*WORK REQUEST*
If pictures appear in the lines below, skip them and copy exactly the lines from the one containing "이 효소는 폴리머를 잘게" through the one containing "This lightest fifth", and nothing else.

*DATA FOR THE TASK*
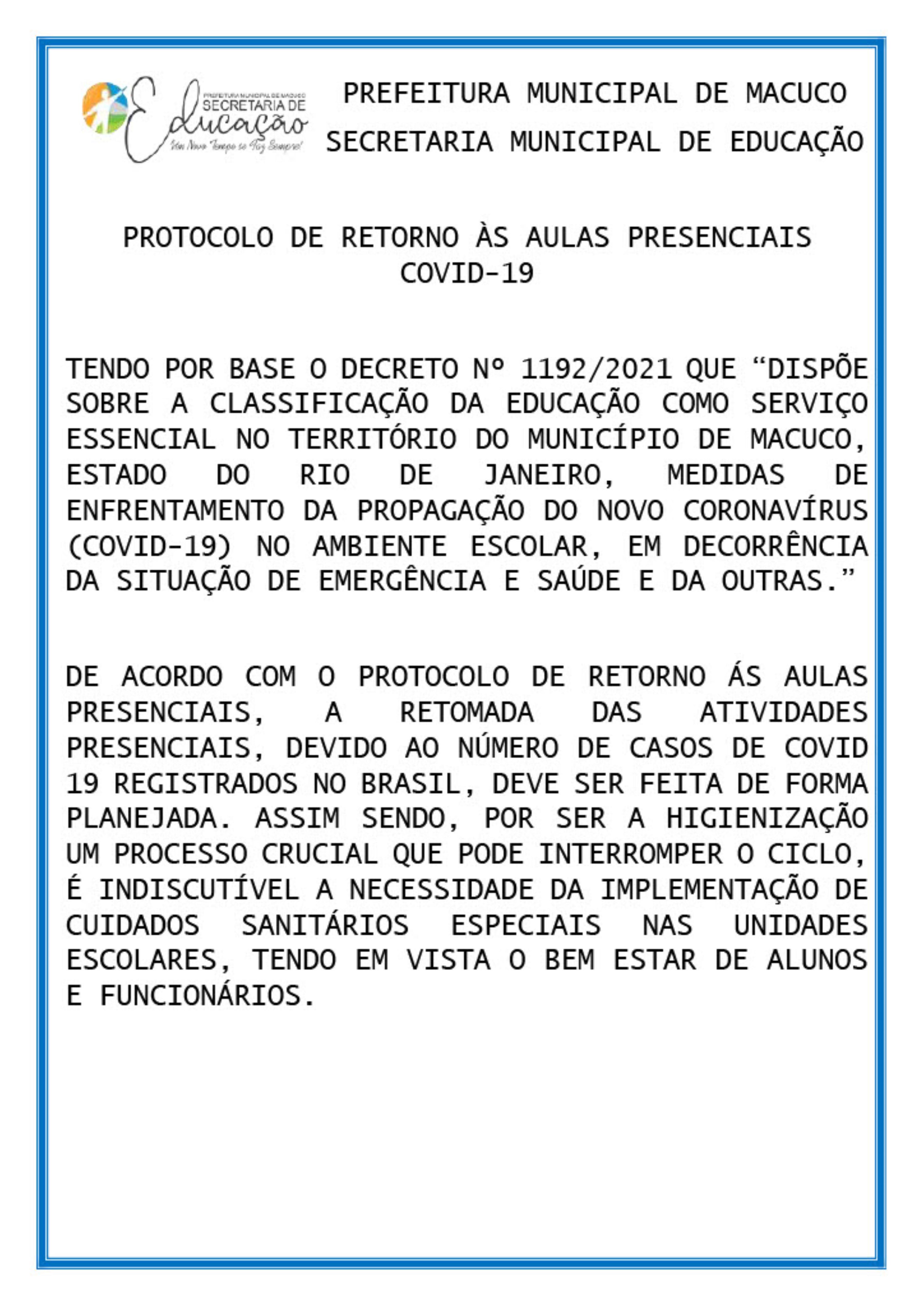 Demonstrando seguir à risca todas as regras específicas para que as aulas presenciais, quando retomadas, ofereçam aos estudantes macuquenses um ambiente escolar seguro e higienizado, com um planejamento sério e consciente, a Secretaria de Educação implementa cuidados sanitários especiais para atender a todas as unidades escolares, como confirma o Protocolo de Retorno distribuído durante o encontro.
--
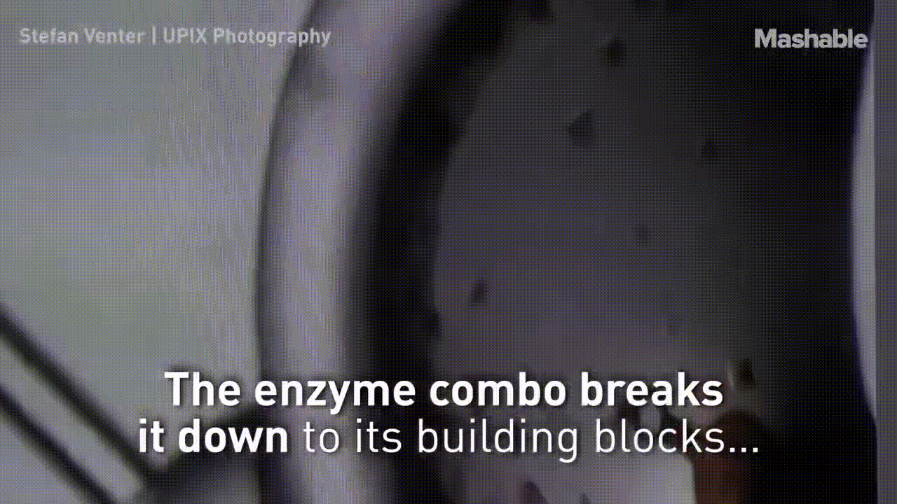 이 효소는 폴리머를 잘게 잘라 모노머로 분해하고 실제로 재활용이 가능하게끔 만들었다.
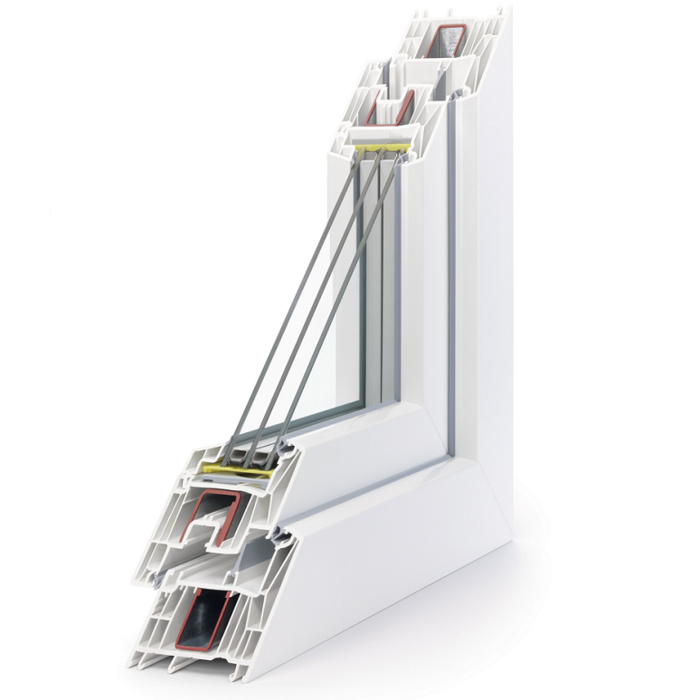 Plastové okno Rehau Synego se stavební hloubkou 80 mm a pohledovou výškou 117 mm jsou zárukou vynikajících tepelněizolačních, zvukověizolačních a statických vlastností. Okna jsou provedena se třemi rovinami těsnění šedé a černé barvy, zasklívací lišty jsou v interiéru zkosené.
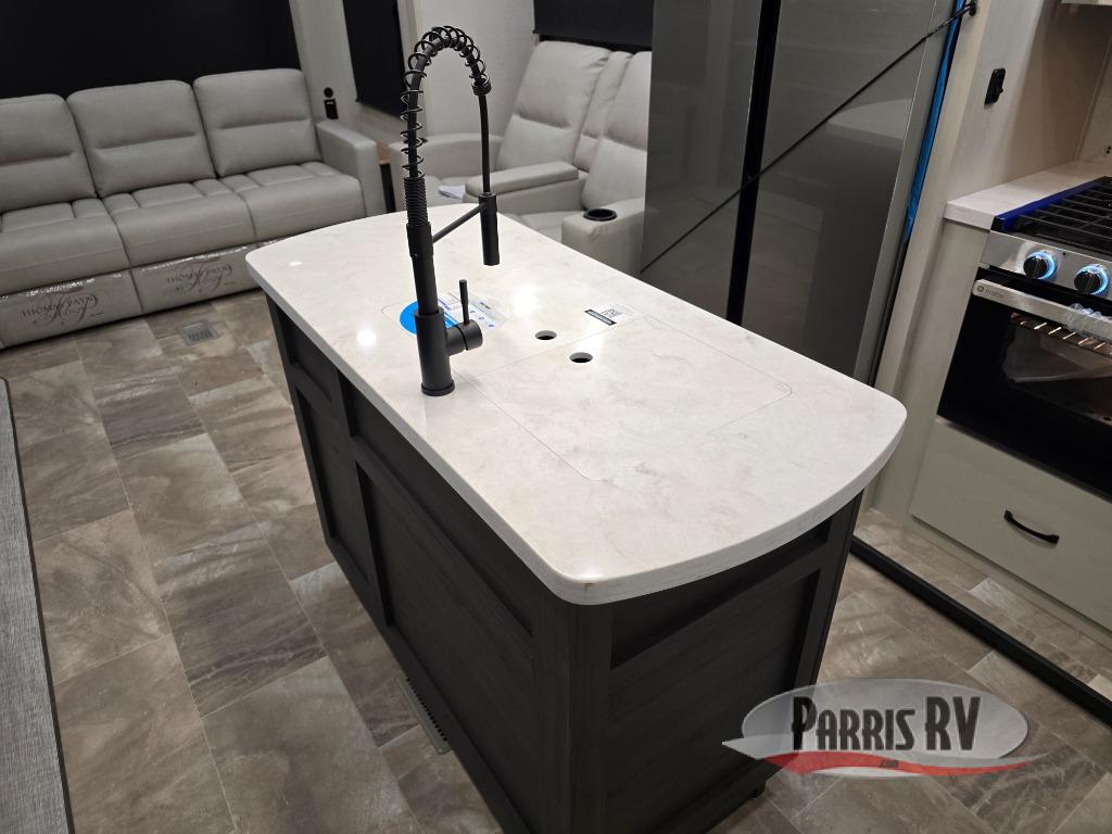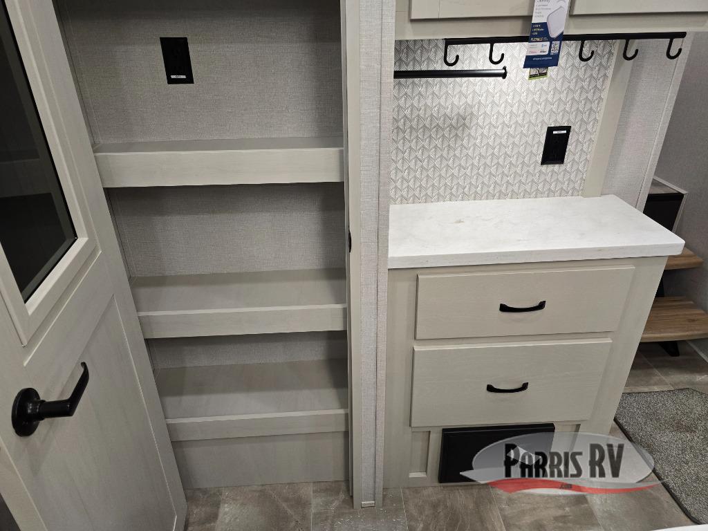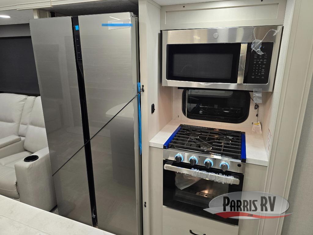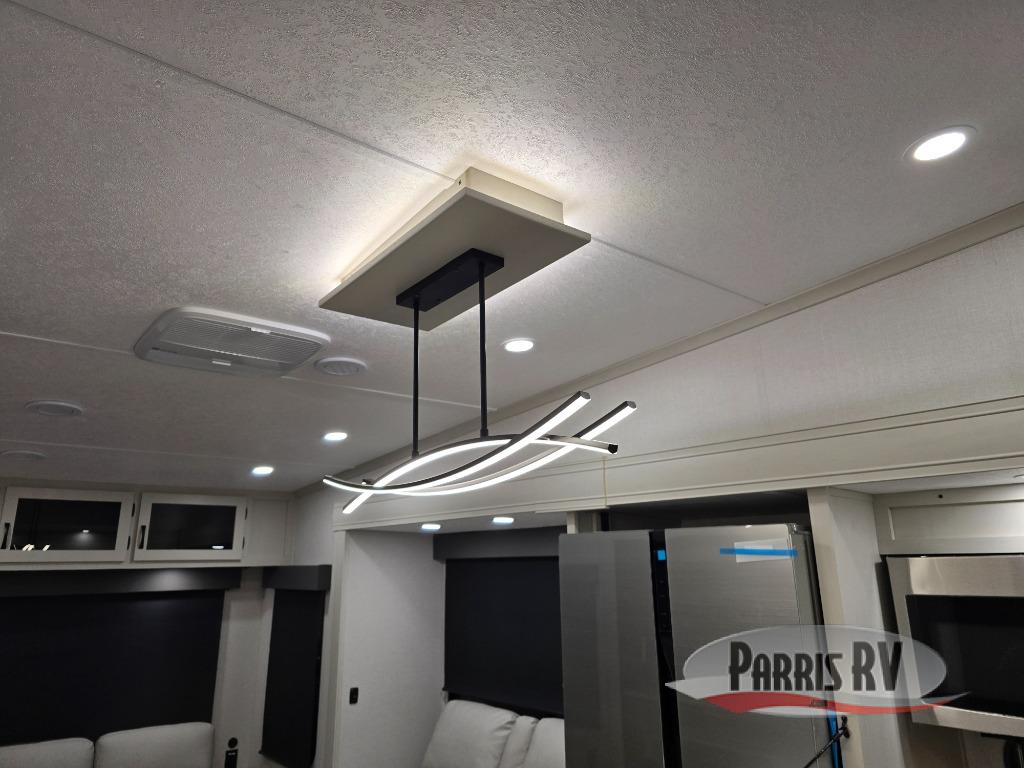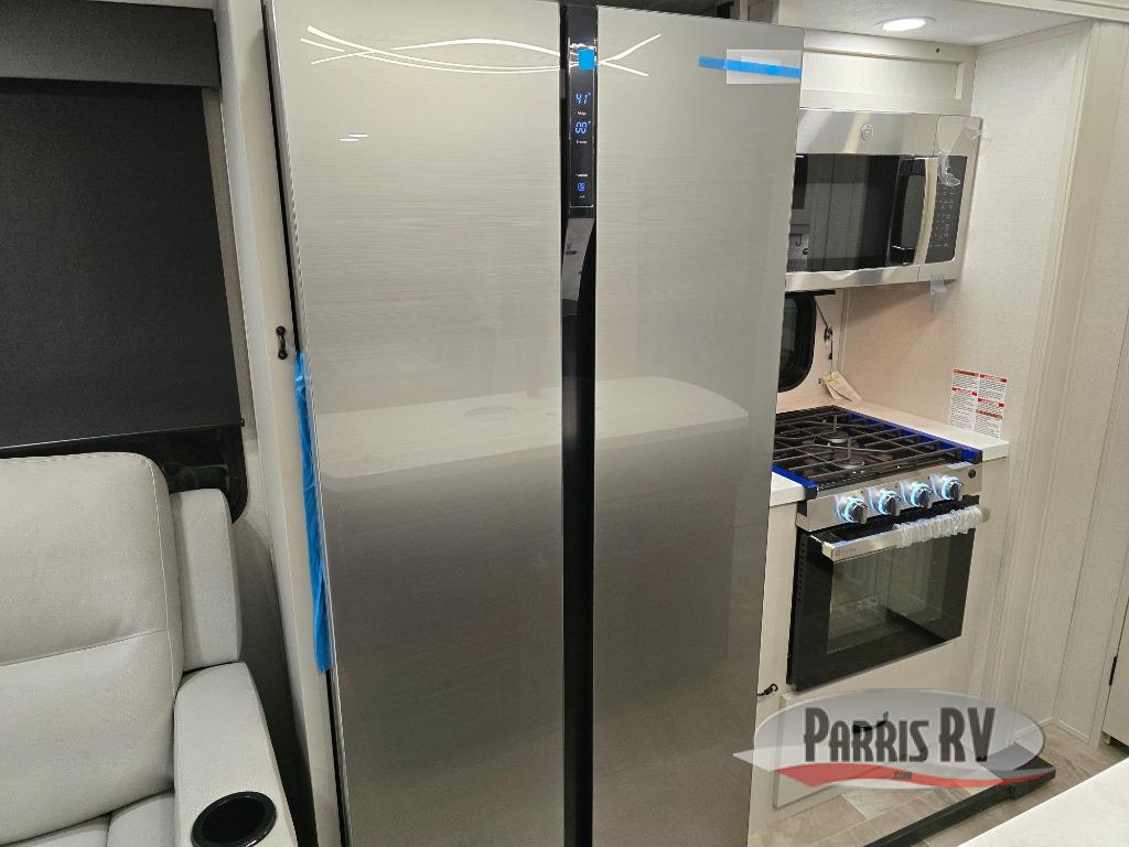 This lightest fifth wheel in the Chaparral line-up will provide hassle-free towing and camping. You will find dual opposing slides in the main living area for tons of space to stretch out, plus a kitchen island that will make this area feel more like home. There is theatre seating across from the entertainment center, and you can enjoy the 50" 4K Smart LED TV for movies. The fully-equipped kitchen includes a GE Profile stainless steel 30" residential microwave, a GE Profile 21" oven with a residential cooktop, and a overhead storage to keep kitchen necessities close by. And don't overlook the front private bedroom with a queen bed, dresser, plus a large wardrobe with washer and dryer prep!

*WRITTEN SOLUTION*
 이 효소는 폴리머를 잘게 잘라 모노머로 분해하고 실제로 재활용이 가능하게끔 만들었다.
 Plastové okno Rehau Synego se stavební hloubkou 80 mm a pohledovou výškou 117 mm jsou zárukou vynikajících tepelněizolačních, zvukověizolačních a statických vlastností. Okna jsou provedena se třemi rovinami těsnění šedé a černé barvy, zasklívací lišty jsou v interiéru zkosené.
 This lightest fifth wheel in the Chaparral line-up will provide hassle-free towing and camping. You will find dual opposing slides in the main living area for tons of space to stretch out, plus a kitchen island that will make this area feel more like home. There is theatre seating across from the entertainment center, and you can enjoy the 50" 4K Smart LED TV for movies. The fully-equipped kitchen includes a GE Profile stainless steel 30" residential microwave, a GE Profile 21" oven with a residential cooktop, and a overhead storage to keep kitchen necessities close by. And don't overlook the front private bedroom with a queen bed, dresser, plus a large wardrobe with washer and dryer prep!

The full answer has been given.